We know that you are involved in many initiatives and activities. Which of these make the most sense for you and why? How long have you been working on these?
This is probably the hardest question I’ve ever been asked. It varies depending on how well things are going. Sometimes it makes more sense to work on good regulations for a regional plan, or to look for gaps in the construction approval procedures of some dreadful building that’s being planned – which would eventually be stopped. And sometimes it seems to me that it makes sense to talk with a child who lacks security at home and buy him or her shoes.
I am primarily an ecologist – conservationist. I do consultations where construction work might affect protected animals (birds and bats), I have long been working on the protection of trees and greenery, supporting local residents in influencing approval procedures for small hydropower plants and similar projects, which would pose harm to the natural habitat or the environment. In doing so, one realizes how important it is to know all the different laws. However, these change often in Slovakia, so we also need to know how to enter the policy making process and participate in the preparation of other relevant strategic documents.

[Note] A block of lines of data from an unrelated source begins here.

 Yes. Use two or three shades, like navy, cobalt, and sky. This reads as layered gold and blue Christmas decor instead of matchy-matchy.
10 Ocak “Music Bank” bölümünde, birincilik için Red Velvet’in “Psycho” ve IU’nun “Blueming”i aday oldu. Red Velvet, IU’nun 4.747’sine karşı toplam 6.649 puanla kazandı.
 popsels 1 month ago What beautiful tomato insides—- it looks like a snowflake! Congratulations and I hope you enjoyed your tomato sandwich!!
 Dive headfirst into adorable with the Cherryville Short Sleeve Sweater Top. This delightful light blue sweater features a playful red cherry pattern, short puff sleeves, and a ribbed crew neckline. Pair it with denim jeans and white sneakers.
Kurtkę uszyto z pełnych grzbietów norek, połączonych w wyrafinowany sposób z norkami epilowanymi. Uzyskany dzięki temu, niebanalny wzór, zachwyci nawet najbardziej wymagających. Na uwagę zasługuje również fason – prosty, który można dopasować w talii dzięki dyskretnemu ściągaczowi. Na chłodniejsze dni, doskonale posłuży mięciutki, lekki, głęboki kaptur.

“Not all activities succeed, but I always learn something. The meaning of life should be that we learn and do everything we can for what we consider to be right.”
On a local level, this means following regional plans, which are the framework for how a city or municipality develops. I am pleased to see local people learn these things and I can guide and help them in the process. It is often a long-distance race that can last several years, and in the end the result of the work is that something does not happen – so it is not visible at all. But then, I take my family on a trip and see, for example, an orchard, which was saved almost 10 years ago from being cut down. When I look at the hundreds of blossoming cherries, I tell myself that it was worth it.

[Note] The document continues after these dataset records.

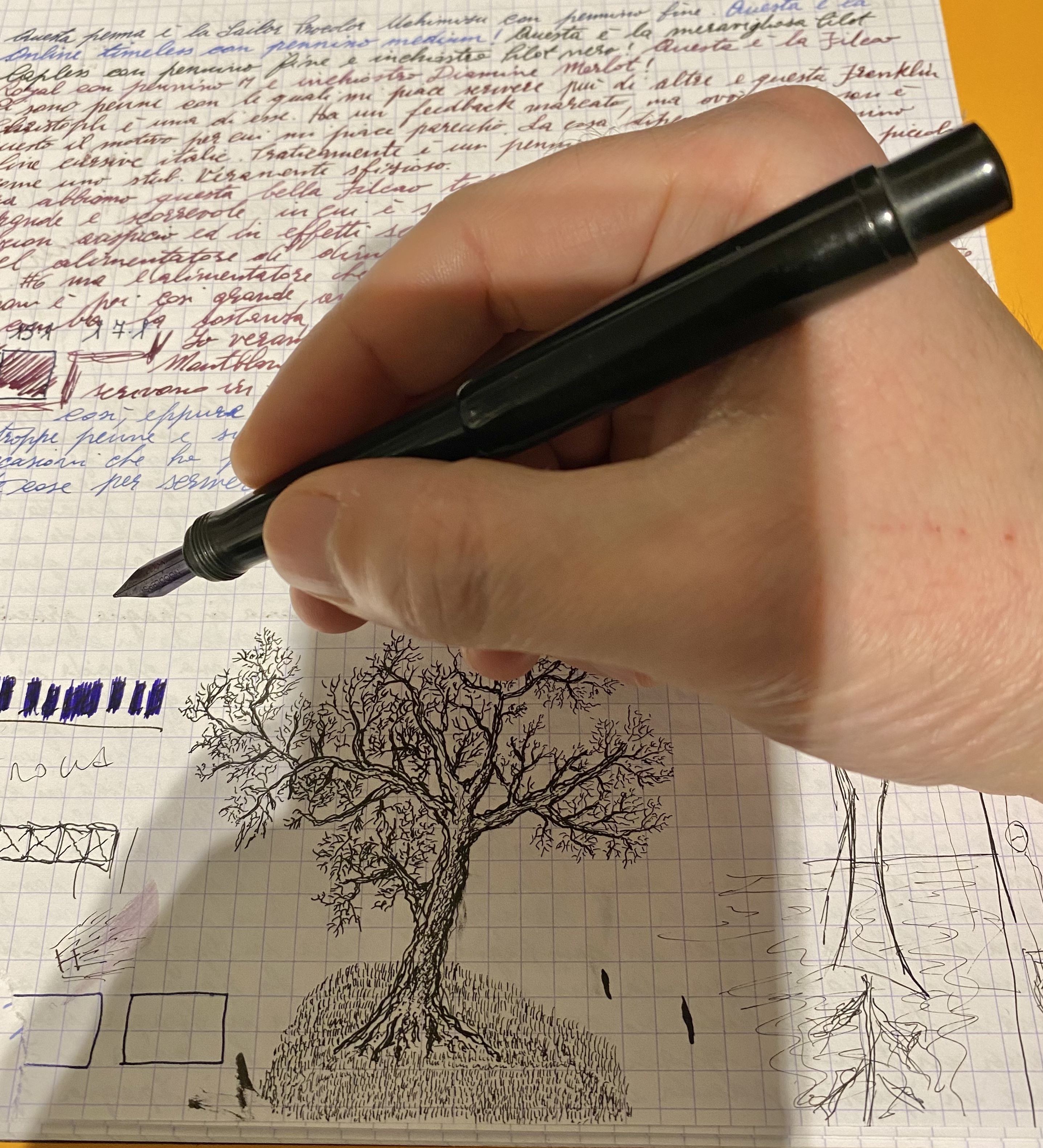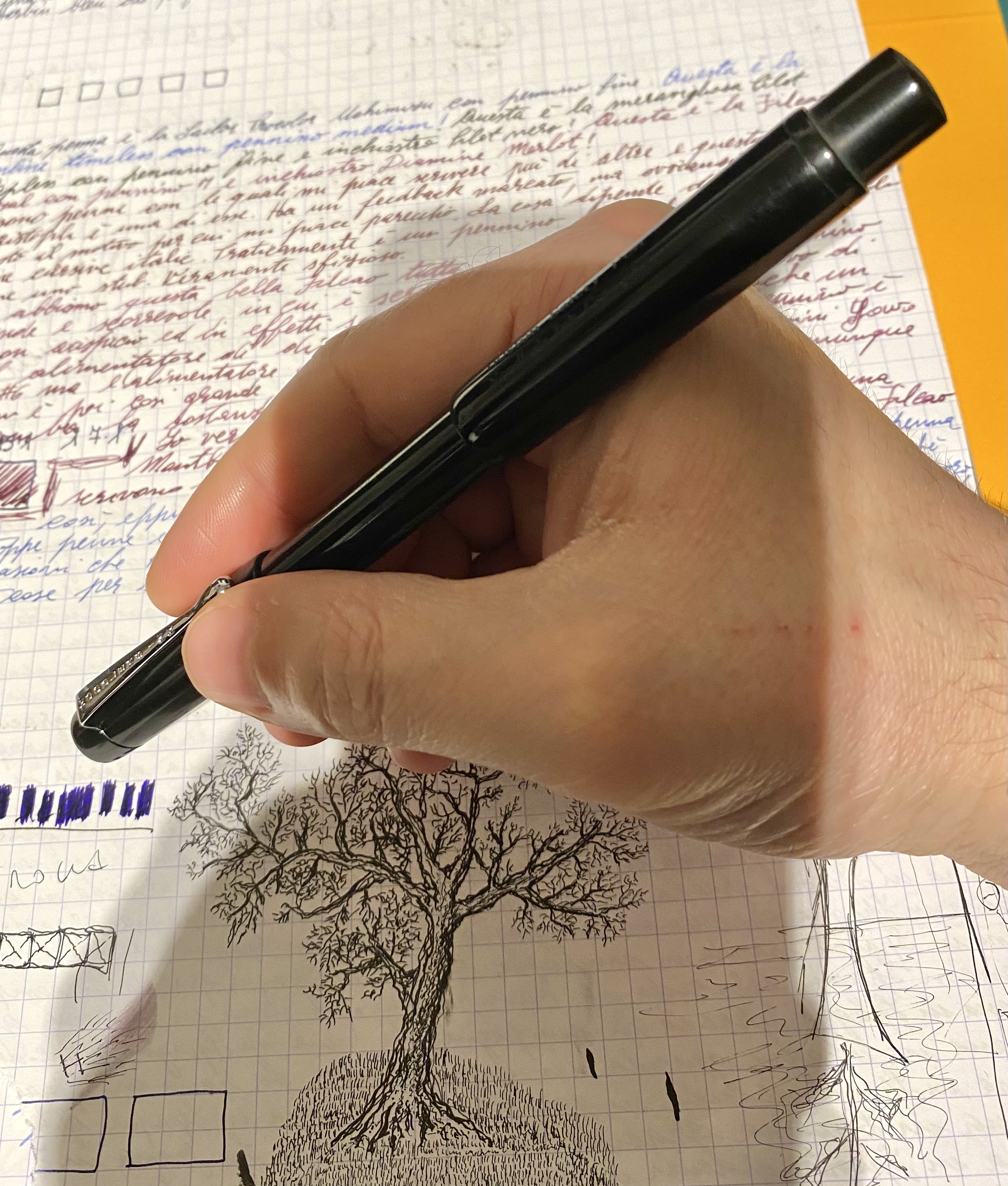 Devo dire che malgrado le solite manovre di lavaggio, continua a tutt’oggi a darmi problemi di false partenze e blocchi di flusso, malgrado il pennino sia sempre immerso nell’inchiostro, anche perché la tengo stesa sul tavolo
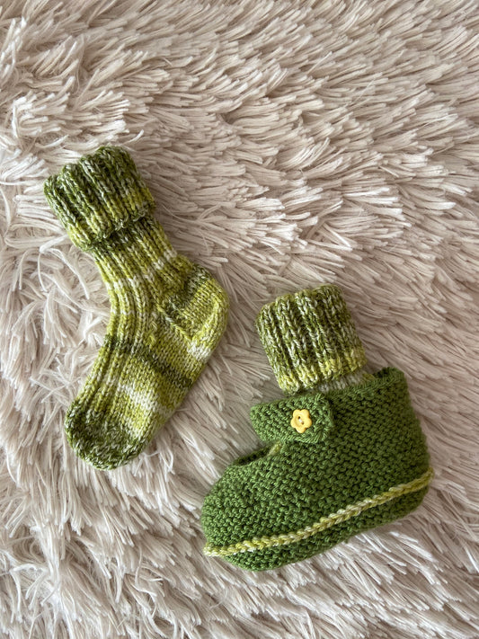 Babyschuhe & -socken Apfelgrün / Weiß meliert
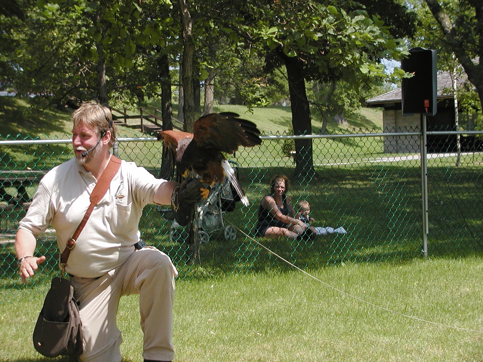 Picture #6: Harris hawk demonstration #2 Small: 800x622, 146,307 bytes (143K), (html file) Large: 1600x1200, 1,845,187 bytes (1.8M), (html file) Copyright, Michael Meissner 2002, All rights reserved Olympus C-2100UZ camera f/2.8, ISO 100, 1/320 sec, 13.0mm, s-prog mode, SHQ, matrix metering 35mm equivalent focal length 72.0mm Taken by Michael Meissner on July 04, 2002 11:44:55 Last modified on July 09, 2002 at 12:55 |
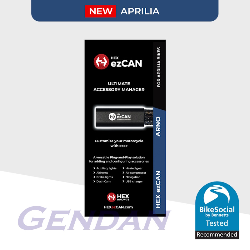 Product detailsThe HEX ezCAN (Generation 2) Arno Package for Aprilia models.The ezCAN plugs directly into your bike’s CAN-bus and provides you with a highly configurable, seamless plug and play solution to add up to four accessories to your bike without the need to cut any wires or void your warranty. The power to manage your accessories safely. The HEX ezCAN accessory manager lets you add and configure accessories with ease and without cutting any wires. It’s simple and easy to fit additional lights, an air horn, accessories and emergency brake lights that make the bike safer to ride. Features
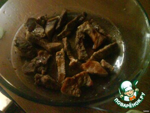 Выложите мясо в огнеупорную посуду, смазанную раст. маслом. Добавьте соевый соус и соль.
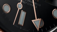 This model features a black dial and a two-colour Cerachrom bezel insert in brown and black ceramic. In addition to conventional hour, minute and seconds hands, the GMT-Master II features an arrow-tipped hand, which circles the dial once every 24 hours, as well as a bidirectional rotatable 24-hour graduated bezel.

Is it possible to make a living out of such a noble mission? 🙂
Of course, volunteering does not pay, but this is often the part of the puzzle that brings people the most joy. Since graduating, I have been active mainly in the non-profit sector, where money is not exactly the motivation. To some extent, about half of my activities bring me income. The second half is charity, but so far we made it work so that we survive 🙂 This, on the other hand, was also the reason why I started working as a guide. It‘s a seasonal income and at the same time a very interesting job that makes me think, plan and look for answers to unexpected questions. Meeting interesting people is a nice bonus.
For us, among other things, you personify that it‘s worth fighting against the injustice established from a position of power, it is only necessary to know the right weapons. What exactly is the Slatinka project? What weapons did you use here?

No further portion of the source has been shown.